Frequently Asked Questions

What is The Data Triad?

Enveil is focused entirely on protecting data while it’s being used or processed, what we call Data in Use. This is different from the more familiar types of encryption that protect data as it moves through the network or while it’s at rest on the file system. We think it’s helpful to think of the distinction between these three states of data — at rest, in transit, and in use — as three points of a triangle that we call The Data Triad. While all are important, Data in Use is the segment that is most frequently overlooked, in part because it’s a hard problem to solve but also because, until fairly recently, there was a lack of scalable, practical, commercial-ready solutions.

When does sensitive data need to be protected?

Sensitive data must be protected at all points in its lifecycle: at rest, in transit, and in use.

Data at Rest: Categorized as inactive data stored in any digital form, data at rest resides on the hard drive or in databases, data lakes, cloud storage or other locations and is commonly protected by perimeter-based, access control and user authentication technologies. Additional security measures such as data encryption are commonly added depending on the level of sensitivity.
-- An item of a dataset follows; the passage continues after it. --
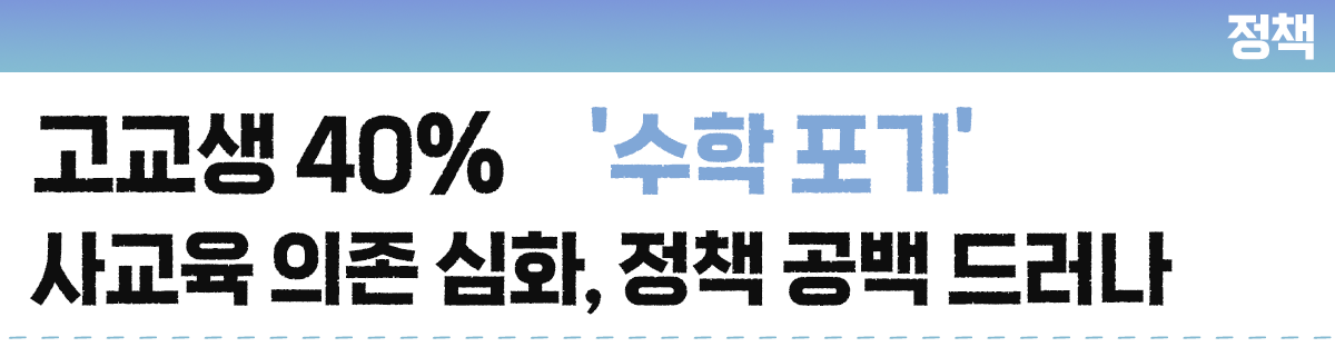 수학 사교육 의존이 심화되고 '수포자' 비율이 고등학생의 40%에 육박하는 것으로 나타났다. 이에 국회와 시민단체가 공교육 정상화를 위한 국가 차원의 종합 대책 마련을 촉구하고 나섰다. 특히 수학 학습 부진이 고등학생을 중심으로 전반적인 현상으로 확산하고 있다는 지적이 나온다.

Data in Transit: Data is vulnerable as it moves through a private network, public/untrusted space or a local device, and it is, therefore, standard practice to protect it using transport encryption. If businesses adhere to proper protocols, this is an efficient and effective defense strategy for data in transit.

Data in Use: Representing data while it’s being used or processed, Data in Use has become the point of least resistance for increasingly sophisticated attackers, as it is the most commonly overlooked segment of the Data Security Triad. Technical methods for securing Data in Use come from the category of Privacy Enhancing Technologies, including homomorphic encryption, secure multiparty compute, and trusted execution environments.

Why do I need to keep my data encrypted throughout its processing lifecycle?

Encryption renders data useless to an attacker, making it unreadable and therefore removing its value. Thus, encryption is able to undermine the attackers’ purpose – stealing assets of value – and makes the target infinitely less appealing. Experience tells us that if there is data of value at stake, attackers will find a way to find and reach it – we can’t just lock the front door; every point of entry needs to be protected. Consequently, limiting encryption to only a portion of the The Data Triad is a dangerous oversight. It is critical to protect data at rest, in transit, and in use.

Does your solution protect all my data?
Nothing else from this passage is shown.